Data extracted from a collection

○ ○ ○ ○

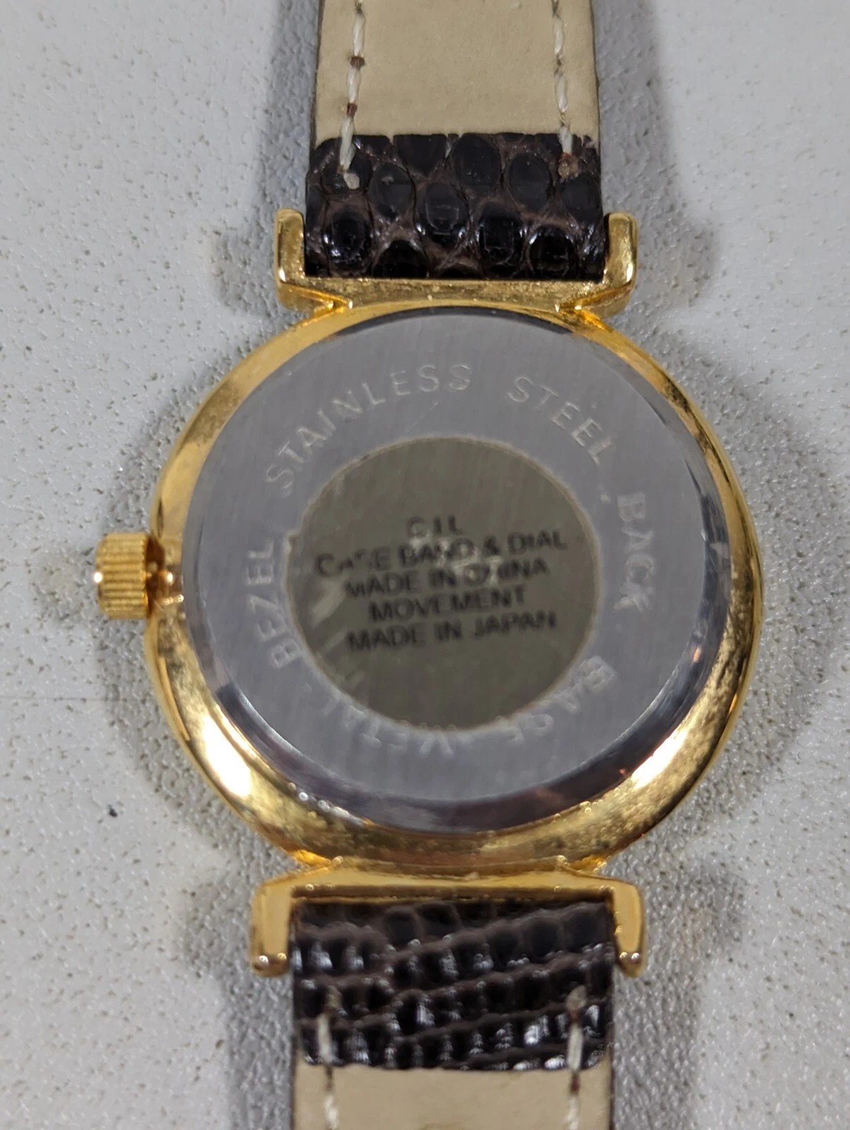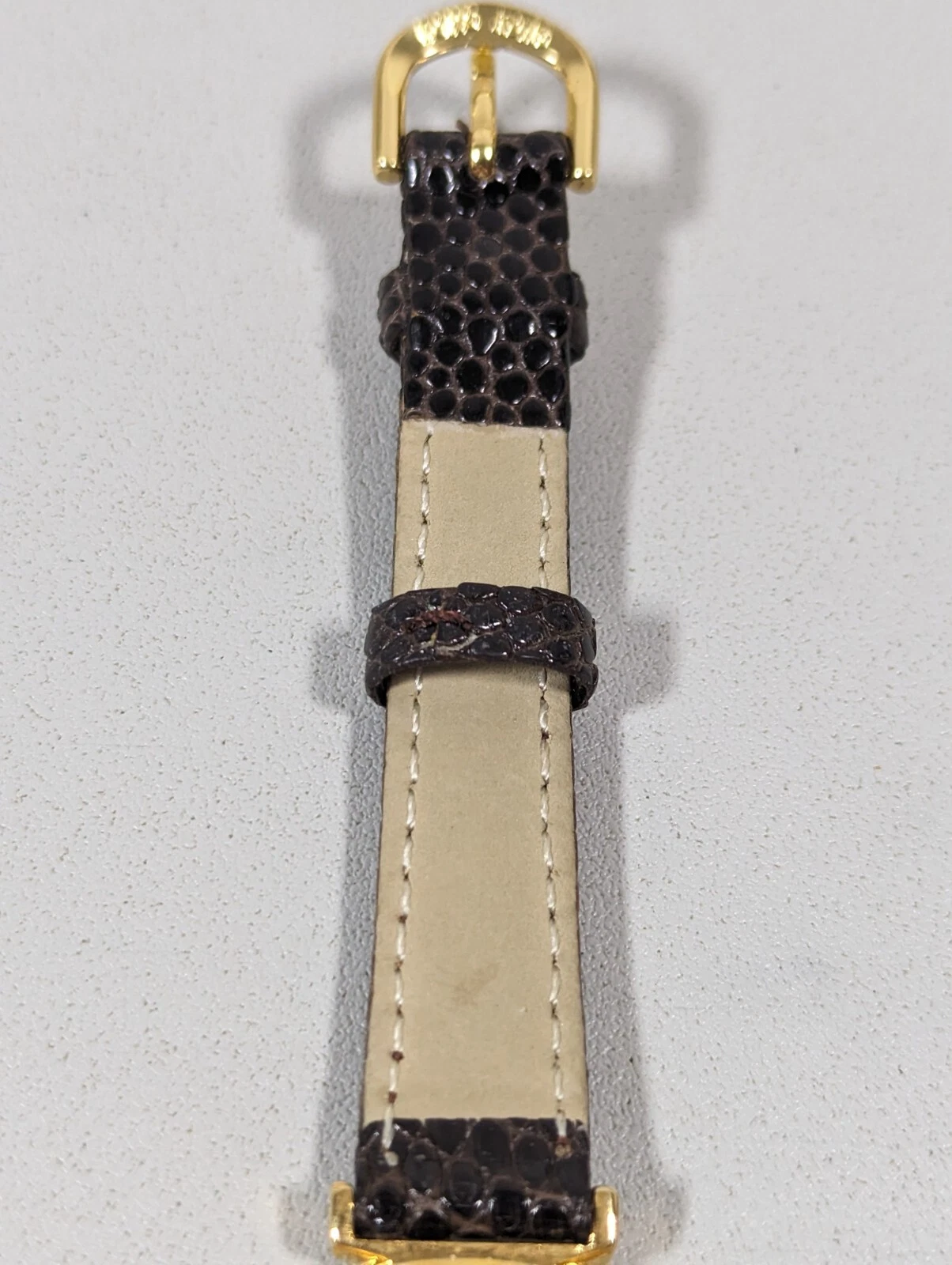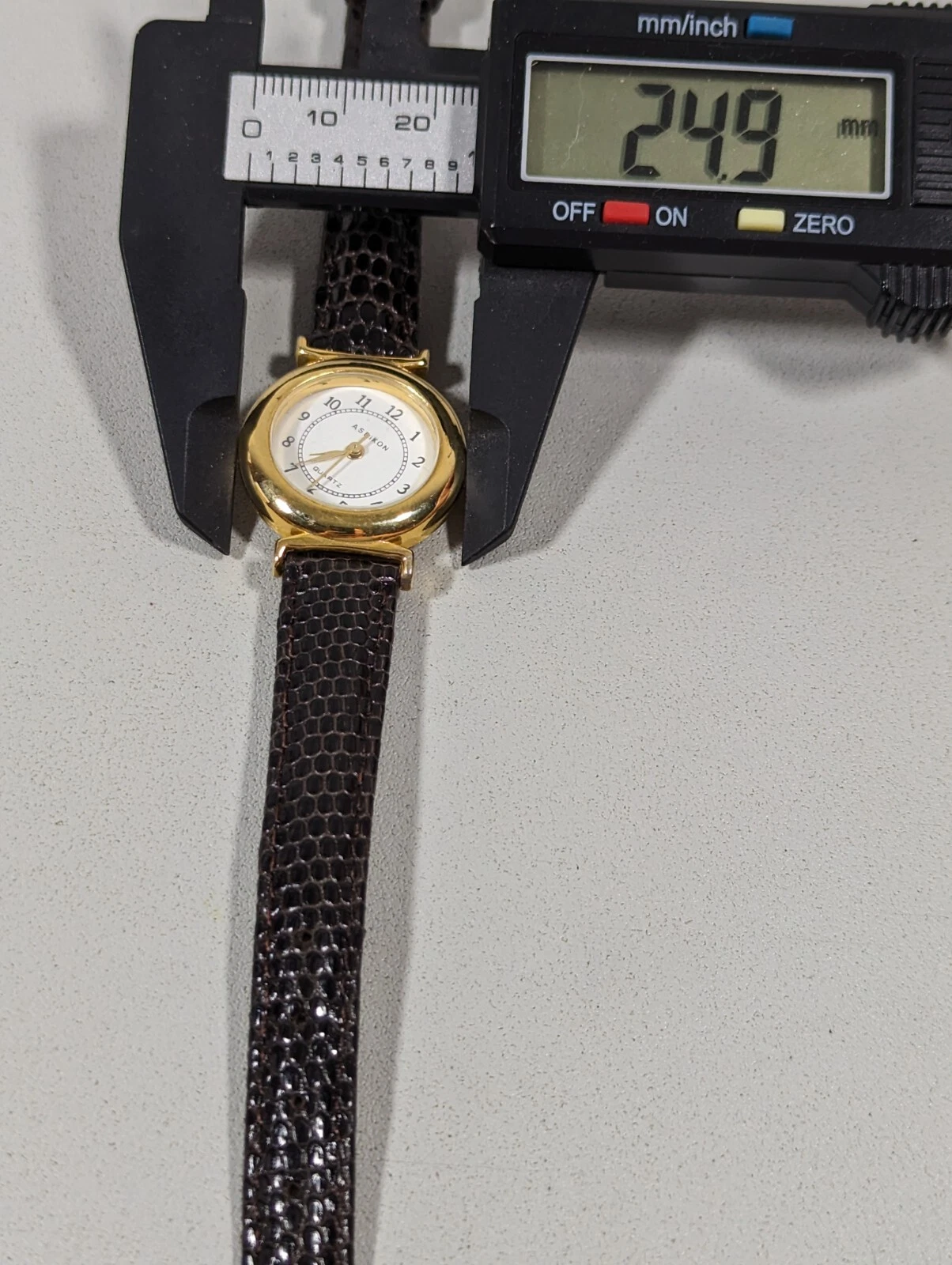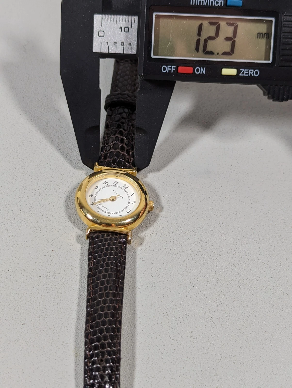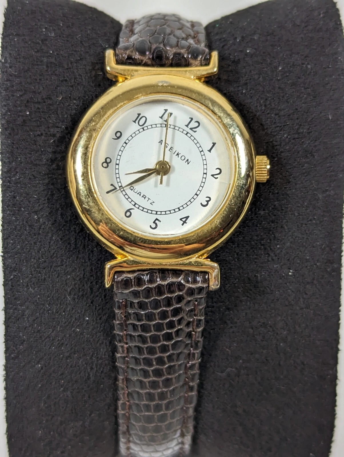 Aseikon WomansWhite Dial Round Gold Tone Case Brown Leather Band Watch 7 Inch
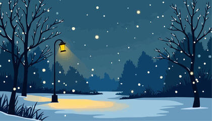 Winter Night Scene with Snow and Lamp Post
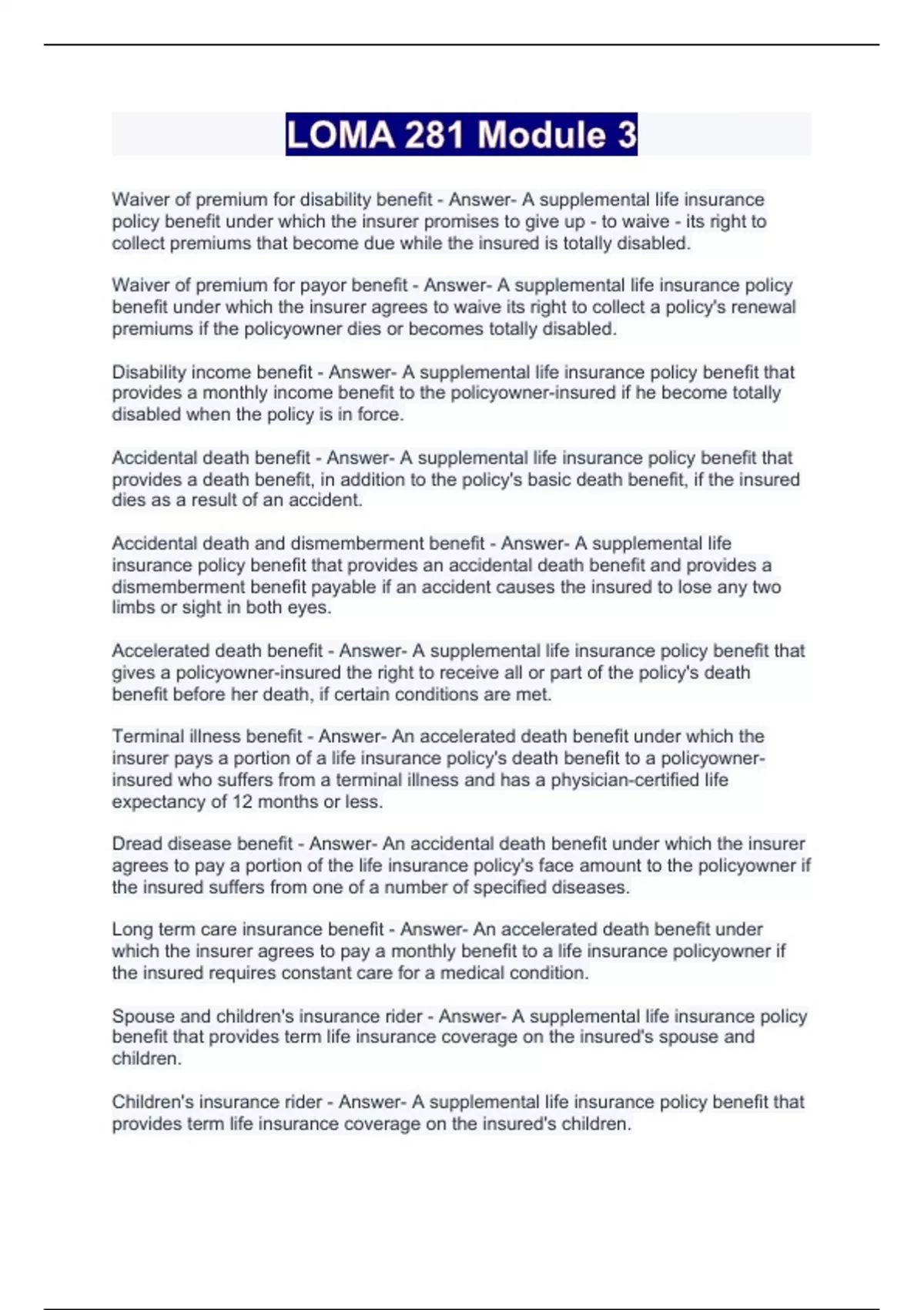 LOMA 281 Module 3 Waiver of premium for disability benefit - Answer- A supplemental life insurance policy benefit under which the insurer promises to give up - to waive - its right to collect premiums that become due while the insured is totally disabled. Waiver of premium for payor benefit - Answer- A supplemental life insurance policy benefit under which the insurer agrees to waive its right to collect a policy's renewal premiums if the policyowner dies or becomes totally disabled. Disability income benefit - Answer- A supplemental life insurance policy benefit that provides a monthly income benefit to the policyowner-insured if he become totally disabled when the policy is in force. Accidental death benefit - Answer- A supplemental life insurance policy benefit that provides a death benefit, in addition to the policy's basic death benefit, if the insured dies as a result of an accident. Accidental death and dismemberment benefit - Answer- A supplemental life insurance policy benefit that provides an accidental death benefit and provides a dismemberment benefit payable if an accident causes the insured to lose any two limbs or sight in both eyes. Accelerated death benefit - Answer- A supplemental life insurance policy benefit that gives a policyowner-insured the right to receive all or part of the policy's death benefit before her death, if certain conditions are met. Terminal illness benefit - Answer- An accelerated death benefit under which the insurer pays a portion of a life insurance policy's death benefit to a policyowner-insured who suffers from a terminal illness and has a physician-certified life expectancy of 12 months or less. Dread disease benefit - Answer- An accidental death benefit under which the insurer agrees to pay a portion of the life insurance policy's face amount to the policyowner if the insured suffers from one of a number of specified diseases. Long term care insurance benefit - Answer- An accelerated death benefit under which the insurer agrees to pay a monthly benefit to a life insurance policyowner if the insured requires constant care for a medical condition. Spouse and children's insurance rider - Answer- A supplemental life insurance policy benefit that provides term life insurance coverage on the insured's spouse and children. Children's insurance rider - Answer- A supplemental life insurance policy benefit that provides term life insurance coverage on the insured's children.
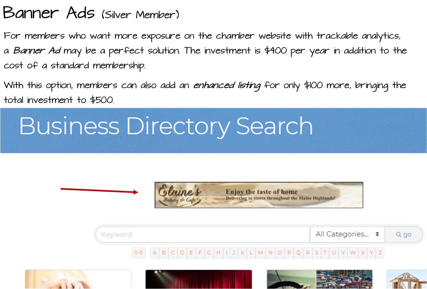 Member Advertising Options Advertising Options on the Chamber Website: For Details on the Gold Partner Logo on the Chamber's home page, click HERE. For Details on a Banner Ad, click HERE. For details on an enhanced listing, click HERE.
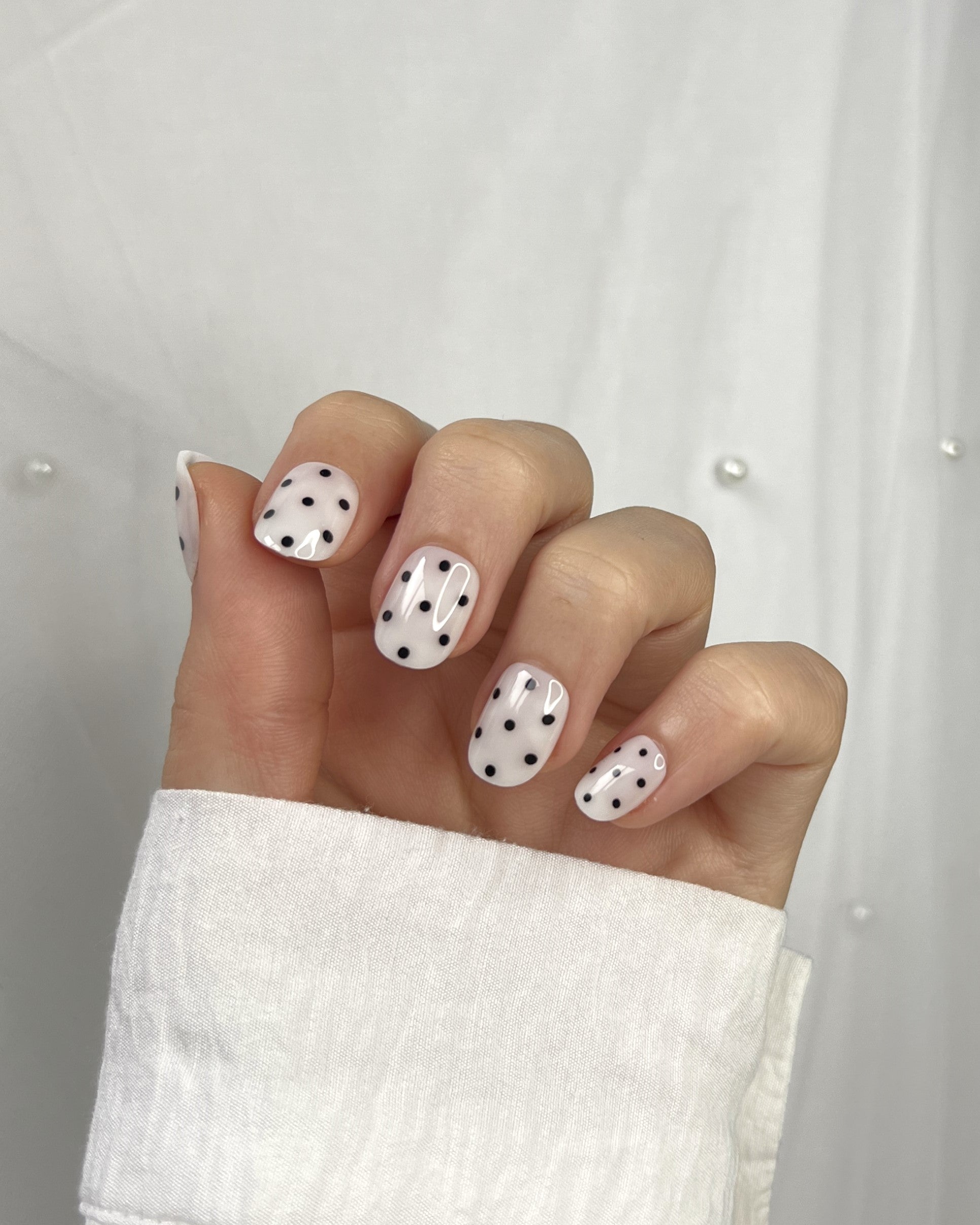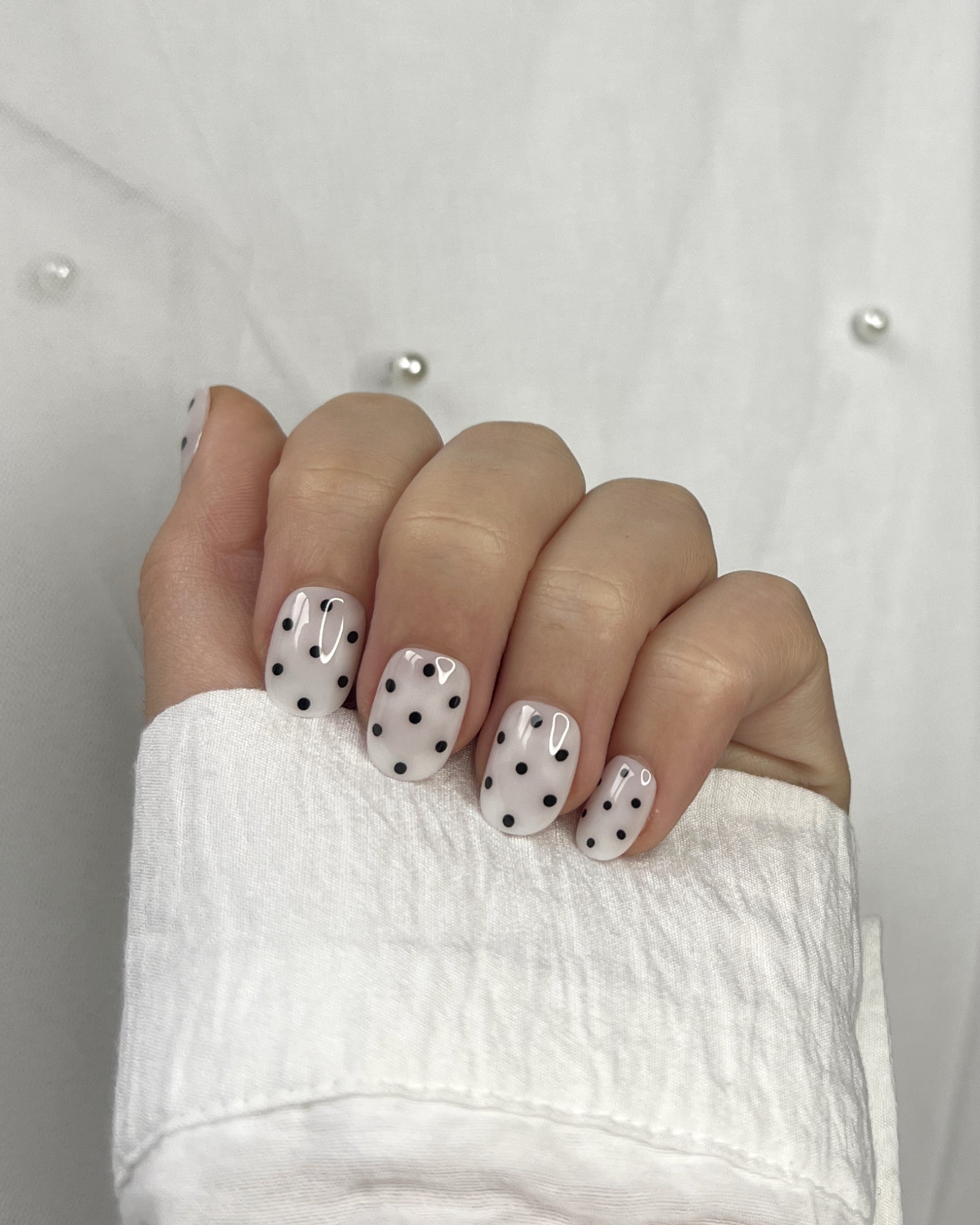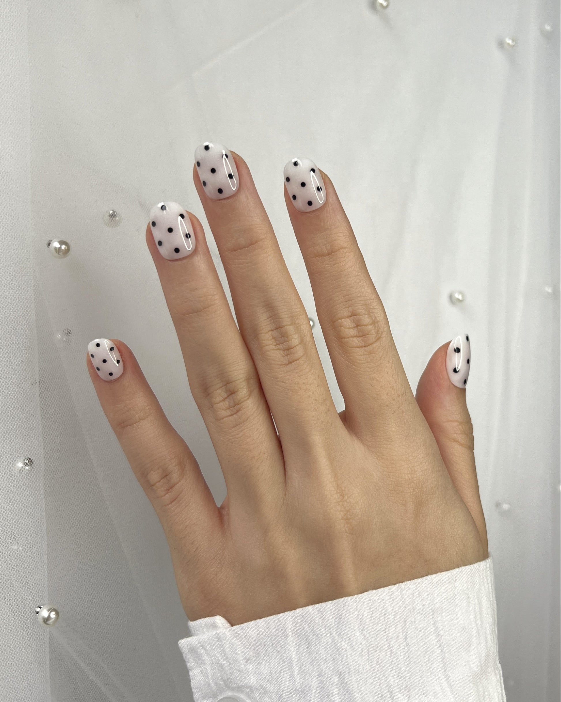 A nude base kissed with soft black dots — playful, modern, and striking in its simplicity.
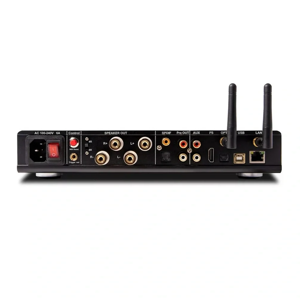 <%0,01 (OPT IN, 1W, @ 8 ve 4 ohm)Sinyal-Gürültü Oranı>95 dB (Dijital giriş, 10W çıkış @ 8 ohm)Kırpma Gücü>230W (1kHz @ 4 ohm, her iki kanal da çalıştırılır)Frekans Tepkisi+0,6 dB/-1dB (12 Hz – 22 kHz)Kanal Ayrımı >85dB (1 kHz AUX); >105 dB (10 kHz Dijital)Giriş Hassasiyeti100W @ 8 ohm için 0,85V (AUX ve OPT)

○ ○ ○ ○

Leaving out the pictures, return the records exactly as given.

 Aseikon WomansWhite Dial Round Gold Tone Case Brown Leather Band Watch 7 Inch
 Winter Night Scene with Snow and Lamp Post
 LOMA 281 Module 3 Waiver of premium for disability benefit - Answer- A supplemental life insurance policy benefit under which the insurer promises to give up - to waive - its right to collect premiums that become due while the insured is totally disabled. Waiver of premium for payor benefit - Answer- A supplemental life insurance policy benefit under which the insurer agrees to waive its right to collect a policy's renewal premiums if the policyowner dies or becomes totally disabled. Disability income benefit - Answer- A supplemental life insurance policy benefit that provides a monthly income benefit to the policyowner-insured if he become totally disabled when the policy is in force. Accidental death benefit - Answer- A supplemental life insurance policy benefit that provides a death benefit, in addition to the policy's basic death benefit, if the insured dies as a result of an accident. Accidental death and dismemberment benefit - Answer- A supplemental life insurance policy benefit that provides an accidental death benefit and provides a dismemberment benefit payable if an accident causes the insured to lose any two limbs or sight in both eyes. Accelerated death benefit - Answer- A supplemental life insurance policy benefit that gives a policyowner-insured the right to receive all or part of the policy's death benefit before her death, if certain conditions are met. Terminal illness benefit - Answer- An accelerated death benefit under which the insurer pays a portion of a life insurance policy's death benefit to a policyowner-insured who suffers from a terminal illness and has a physician-certified life expectancy of 12 months or less. Dread disease benefit - Answer- An accidental death benefit under which the insurer agrees to pay a portion of the life insurance policy's face amount to the policyowner if the insured suffers from one of a number of specified diseases. Long term care insurance benefit - Answer- An accelerated death benefit under which the insurer agrees to pay a monthly benefit to a life insurance policyowner if the insured requires constant care for a medical condition. Spouse and children's insurance rider - Answer- A supplemental life insurance policy benefit that provides term life insurance coverage on the insured's spouse and children. Children's insurance rider - Answer- A supplemental life insurance policy benefit that provides term life insurance coverage on the insured's children.
 Member Advertising Options Advertising Options on the Chamber Website: For Details on the Gold Partner Logo on the Chamber's home page, click HERE. For Details on a Banner Ad, click HERE. For details on an enhanced listing, click HERE.
 A nude base kissed with soft black dots — playful, modern, and striking in its simplicity.
 <%0,01 (OPT IN, 1W, @ 8 ve 4 ohm)Sinyal-Gürültü Oranı>95 dB (Dijital giriş, 10W çıkış @ 8 ohm)Kırpma Gücü>230W (1kHz @ 4 ohm, her iki kanal da çalıştırılır)Frekans Tepkisi+0,6 dB/-1dB (12 Hz – 22 kHz)Kanal Ayrımı >85dB (1 kHz AUX); >105 dB (10 kHz Dijital)Giriş Hassasiyeti100W @ 8 ohm için 0,85V (AUX ve OPT)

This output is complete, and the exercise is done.